American Neurological Association
Because the seizures suffered by the children of this family are similar to those that strike a significant number of children in the general population, there is reason to hope that the identification of this gene could be a key to understanding many more cases of childhood fever-related (or febrile) seizures.
"Febrile seizures are the most common form of childhood seizures. Since they may be associated with the development of seizures and epilepsy later in life, discovery of the responsible gene or genes has important implications for designing new drugs and therapies," said Margaret Jacobs, program director for epilepsy and seizure disorders at the National Institute of Neurological Disorders and Stroke (NINDS), which partially funded the study.
In the United States, about 3 to 4 infants or small children out of 100 will have one or more convulsive episodes during periods of fever. During febrile seizures, nerve cells in the brain fire electrical impulses much faster than usual, often leading to muscular convulsions and loss of consciousness.
For the vast majority of children, the febrile seizures do not cause permanent brain injury and occur only once or a few times. However, about 7% go on to develop other seizure disorders such as epilepsy later in life, a considerably higher risk than in the general population, about 1% of whom suffer from epilepsy.
In this Utah family, the researchers found that 21 of the 48 members participating in the study had experienced one or more febrile seizures during early childhood. Eight of the 21 went on to suffer other seizure disorders.

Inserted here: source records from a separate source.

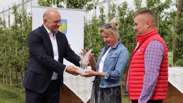 Gospodarz tego spotkania – Sady Lech Grudynia – to kolejny laureat, tym razem w kategorii „mój mały biznes”. Tym, co podbiło serca jurorów, były jabłka z Grudyni, dostępne przez 24 godziny na dobę w innowacyjnym i bezpiecznym w czasie pandemii jabłkomacie. Maria Lechoszest z Sadów mówi, że pomysł się spodobał. – Początkowo sami zastanawialiśmy się, jak to będzie wyglądało. A teraz ludzie przyjeżdżają i w dzień, i w nocy. Najwięcej przed i po pracy, a weekendy są po prostu szalone – śmieje się. Dodaje, że firma od września zamierza powiększyć tę ofertę.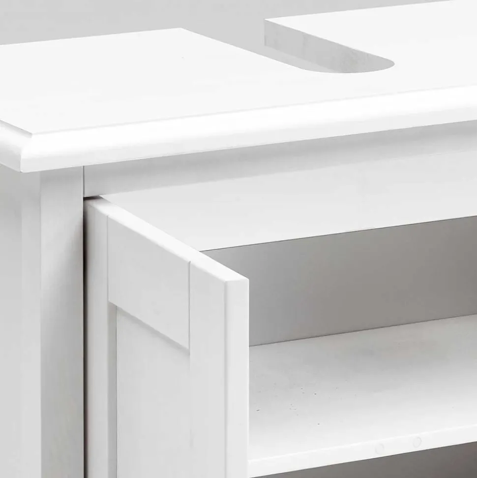 Gefertigt aus massivem Kiefernholz überzeugt Satumare nicht nur optisch, sondern auch durch Qualität und Beständigkeit. Kiefernholz ist bekannt für seine Robustheit, sein geringes Gewicht und seine warme Ausstrahlung. Es arbeitet mit der Zeit und entwickelt so eine Patina, die dem Möbelstück zusätzlichen Charme verleiht. Die weiße Lackierung sorgt dabei für ein frisches, helles Ambiente, das sich problemlos mit bestehenden Möbeln kombinieren lässt.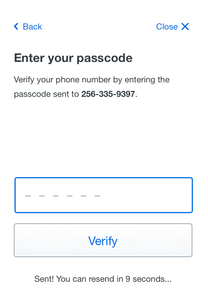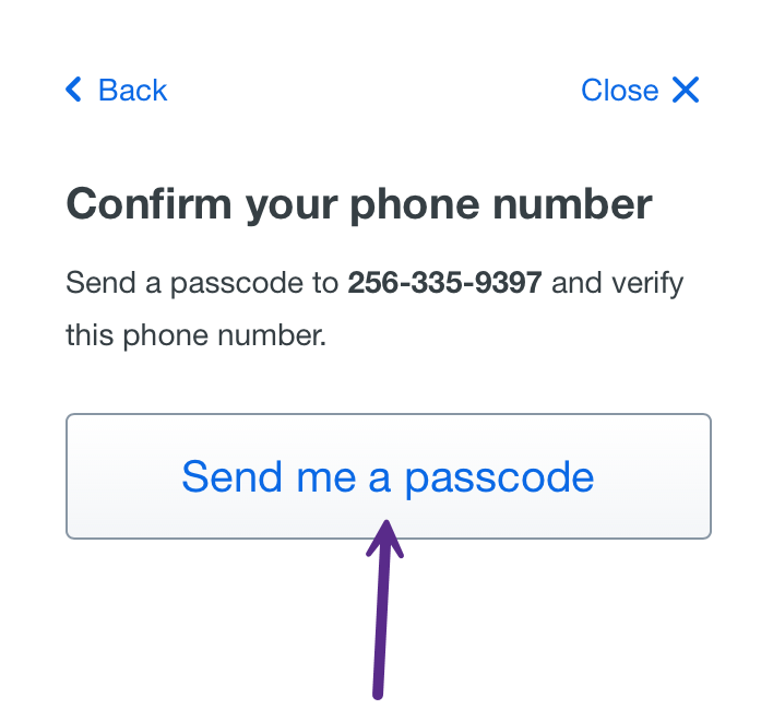 Step 5 - Confirm phone number/Send me a Passcode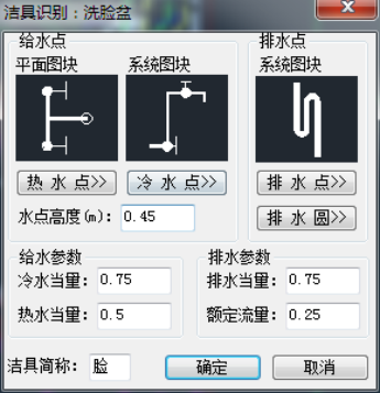 本功能是對軟件已知潔具圖塊選項的修改與補(bǔ)充,軟件對天正中的潔具已默認(rèn)識別,用戶可對非此類圖塊或參數(shù)修改,以方便后續(xù)的潔具連接和水力計算等工作。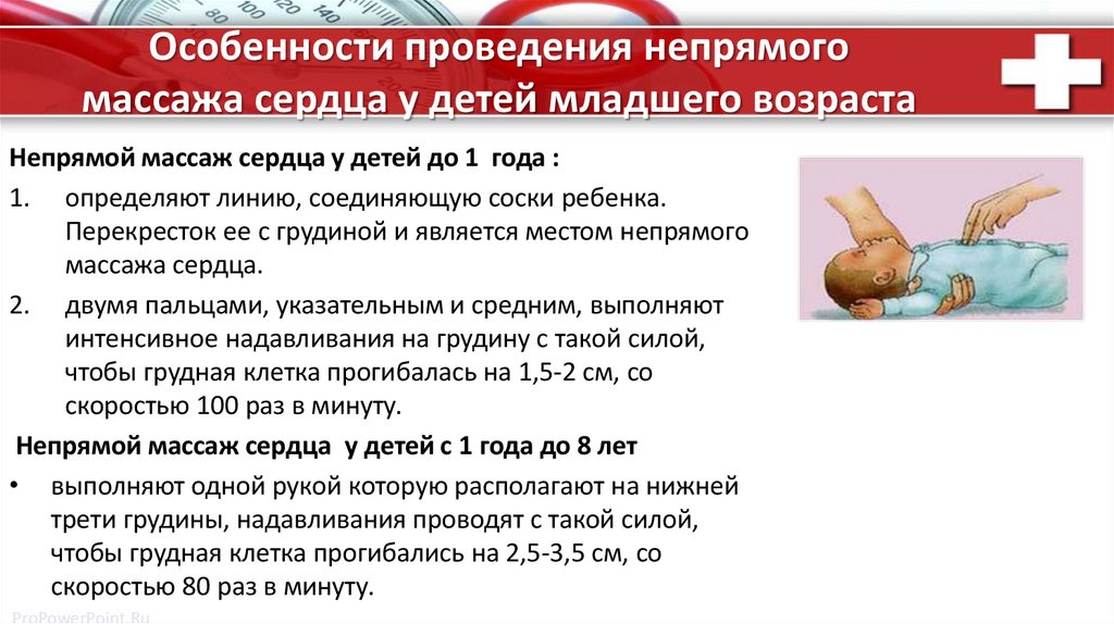 Непрямой массаж сердца у детей с 1 года до 8 лет

The University of Utah scientists used a technique called genetic linkage allowing them to determine which segments along chromosomes (the cellular structures that hold genetic information) were shared by all family members who had experienced febrile seizures. They discovered that all those affected shared a portion of chromosome 2. This chromosomal region has not previously been reported to be associated with any seizure disorder.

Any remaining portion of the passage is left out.